Task goal ->
What are the lines from the top of the entries below through the line containing "4pcs Sunset Seaside"? Return them exactly, both ends included, without the pictures.

[Records from a data source]
──────────

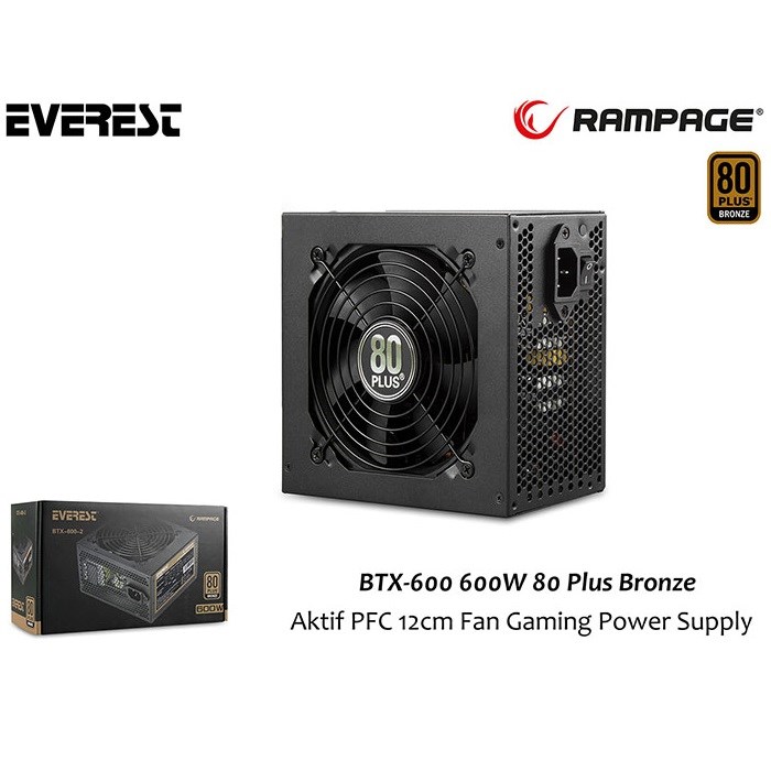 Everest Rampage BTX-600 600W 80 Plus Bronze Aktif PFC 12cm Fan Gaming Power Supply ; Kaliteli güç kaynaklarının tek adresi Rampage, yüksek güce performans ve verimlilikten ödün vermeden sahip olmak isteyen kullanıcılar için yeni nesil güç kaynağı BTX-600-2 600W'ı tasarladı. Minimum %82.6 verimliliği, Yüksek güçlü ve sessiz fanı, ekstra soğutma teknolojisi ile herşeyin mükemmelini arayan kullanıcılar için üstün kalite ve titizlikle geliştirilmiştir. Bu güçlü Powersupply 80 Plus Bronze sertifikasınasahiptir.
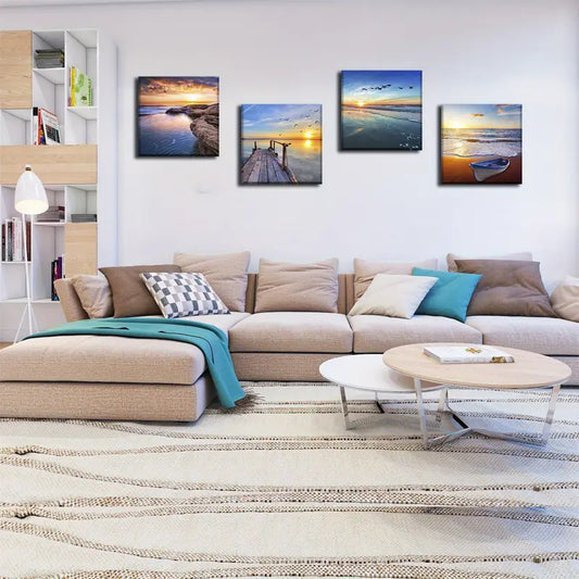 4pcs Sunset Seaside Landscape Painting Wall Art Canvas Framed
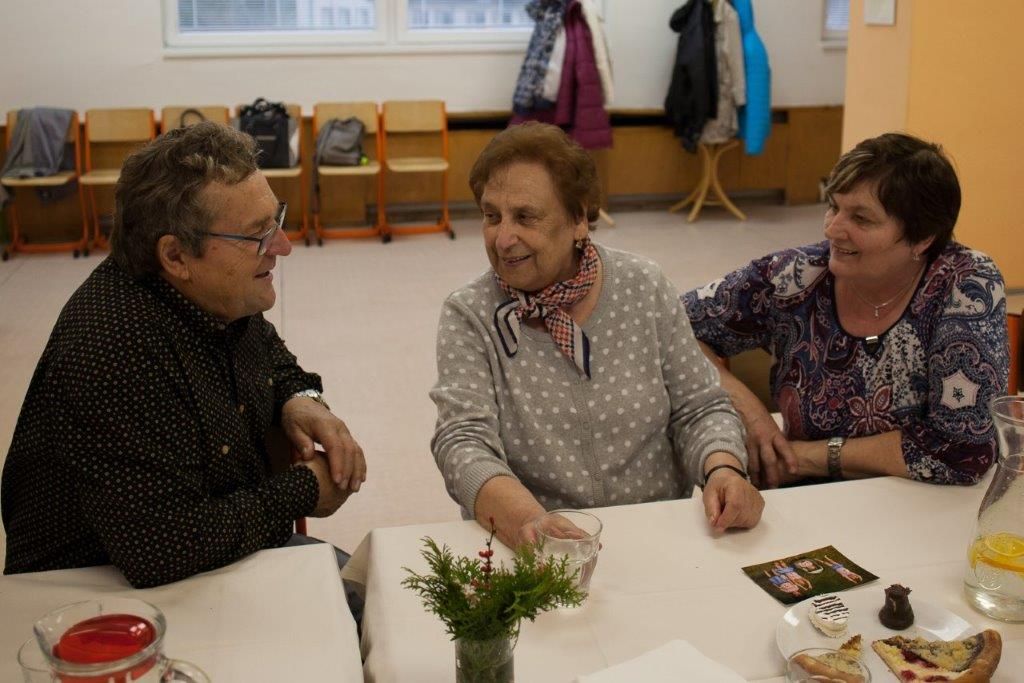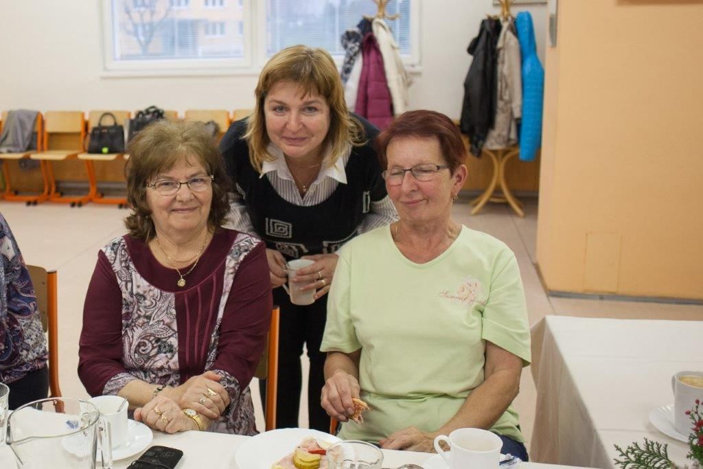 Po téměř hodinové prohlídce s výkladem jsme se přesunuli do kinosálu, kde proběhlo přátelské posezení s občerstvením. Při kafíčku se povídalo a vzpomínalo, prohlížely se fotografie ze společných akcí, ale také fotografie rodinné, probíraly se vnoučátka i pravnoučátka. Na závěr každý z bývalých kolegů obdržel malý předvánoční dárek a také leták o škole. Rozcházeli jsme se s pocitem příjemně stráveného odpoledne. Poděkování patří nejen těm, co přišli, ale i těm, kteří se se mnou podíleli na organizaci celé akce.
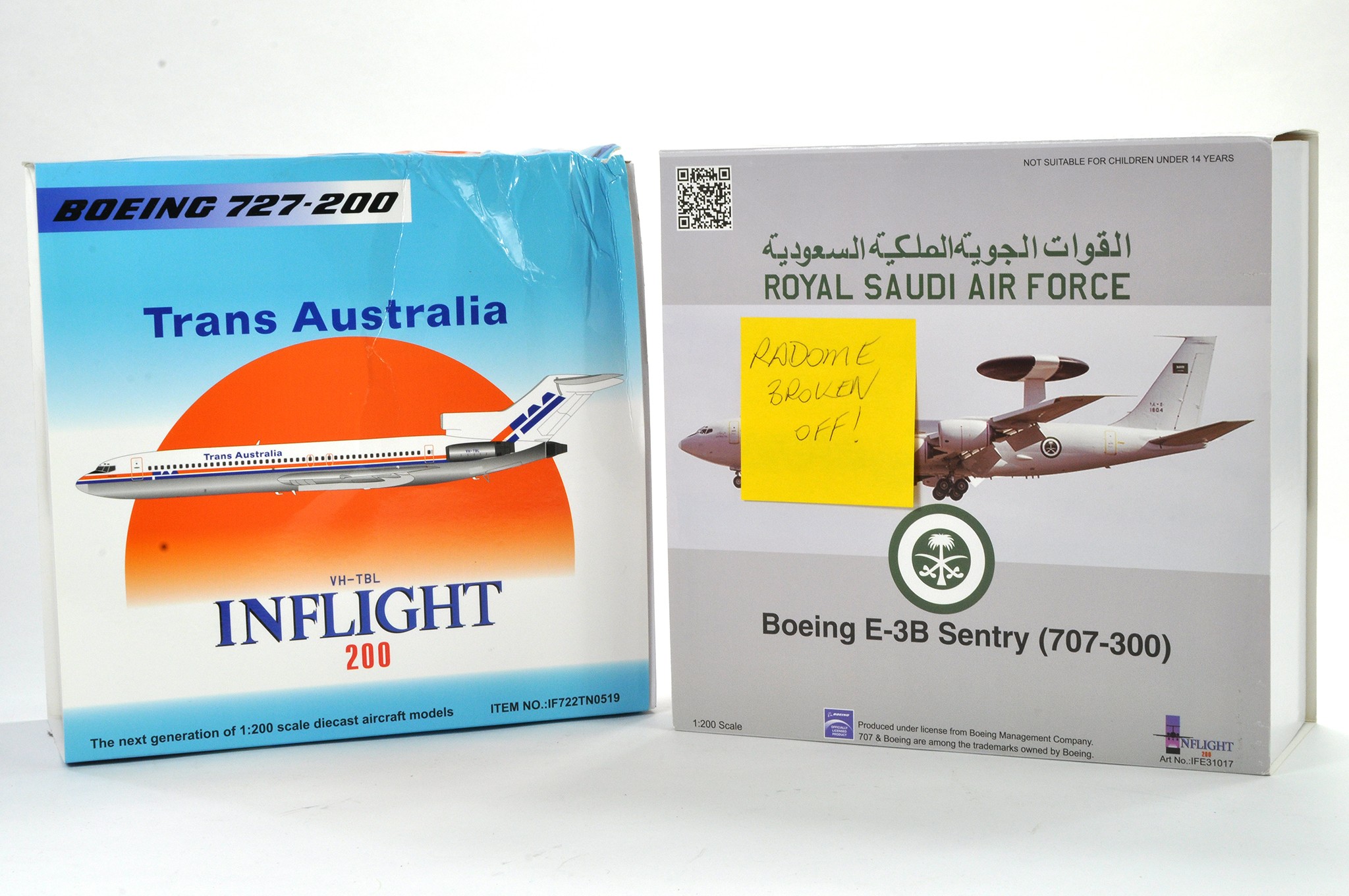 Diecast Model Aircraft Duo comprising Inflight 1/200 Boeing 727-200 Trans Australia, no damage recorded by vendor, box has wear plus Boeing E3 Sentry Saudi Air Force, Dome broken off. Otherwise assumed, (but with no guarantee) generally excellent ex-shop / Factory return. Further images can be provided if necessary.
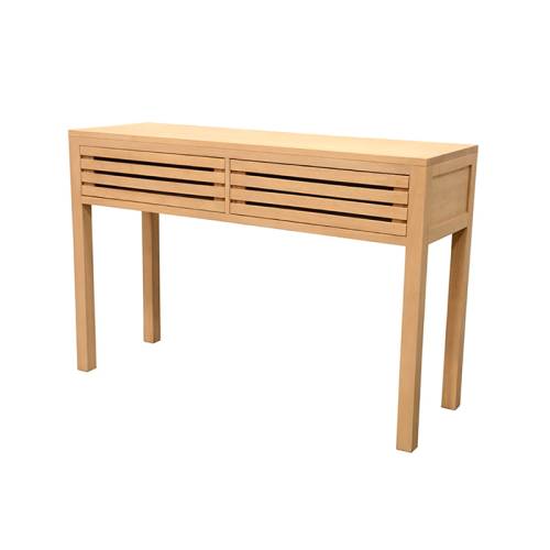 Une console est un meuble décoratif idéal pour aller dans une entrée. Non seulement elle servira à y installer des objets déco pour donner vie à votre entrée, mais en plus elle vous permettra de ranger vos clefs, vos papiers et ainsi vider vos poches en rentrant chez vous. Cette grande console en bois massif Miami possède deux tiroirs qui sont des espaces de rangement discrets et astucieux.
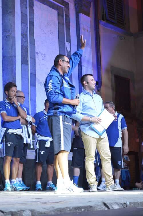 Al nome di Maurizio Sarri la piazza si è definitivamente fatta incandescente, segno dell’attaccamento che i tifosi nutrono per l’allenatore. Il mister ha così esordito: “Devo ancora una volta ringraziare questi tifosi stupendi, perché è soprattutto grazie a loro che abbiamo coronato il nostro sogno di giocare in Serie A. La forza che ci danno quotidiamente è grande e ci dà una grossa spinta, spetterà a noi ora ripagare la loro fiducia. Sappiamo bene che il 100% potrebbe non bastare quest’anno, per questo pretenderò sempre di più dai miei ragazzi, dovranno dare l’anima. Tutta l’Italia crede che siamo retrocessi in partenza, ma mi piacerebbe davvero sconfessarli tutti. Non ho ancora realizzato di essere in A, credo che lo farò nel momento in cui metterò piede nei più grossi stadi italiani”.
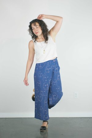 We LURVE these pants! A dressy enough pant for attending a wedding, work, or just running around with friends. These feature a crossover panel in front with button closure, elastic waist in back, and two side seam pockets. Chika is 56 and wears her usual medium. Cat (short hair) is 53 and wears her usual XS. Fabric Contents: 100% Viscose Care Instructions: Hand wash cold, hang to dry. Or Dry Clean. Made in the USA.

──────────

Expected output ->
 Everest Rampage BTX-600 600W 80 Plus Bronze Aktif PFC 12cm Fan Gaming Power Supply ; Kaliteli güç kaynaklarının tek adresi Rampage, yüksek güce performans ve verimlilikten ödün vermeden sahip olmak isteyen kullanıcılar için yeni nesil güç kaynağı BTX-600-2 600W'ı tasarladı. Minimum %82.6 verimliliği, Yüksek güçlü ve sessiz fanı, ekstra soğutma teknolojisi ile herşeyin mükemmelini arayan kullanıcılar için üstün kalite ve titizlikle geliştirilmiştir. Bu güçlü Powersupply 80 Plus Bronze sertifikasınasahiptir.
 4pcs Sunset Seaside Landscape Painting Wall Art Canvas Framed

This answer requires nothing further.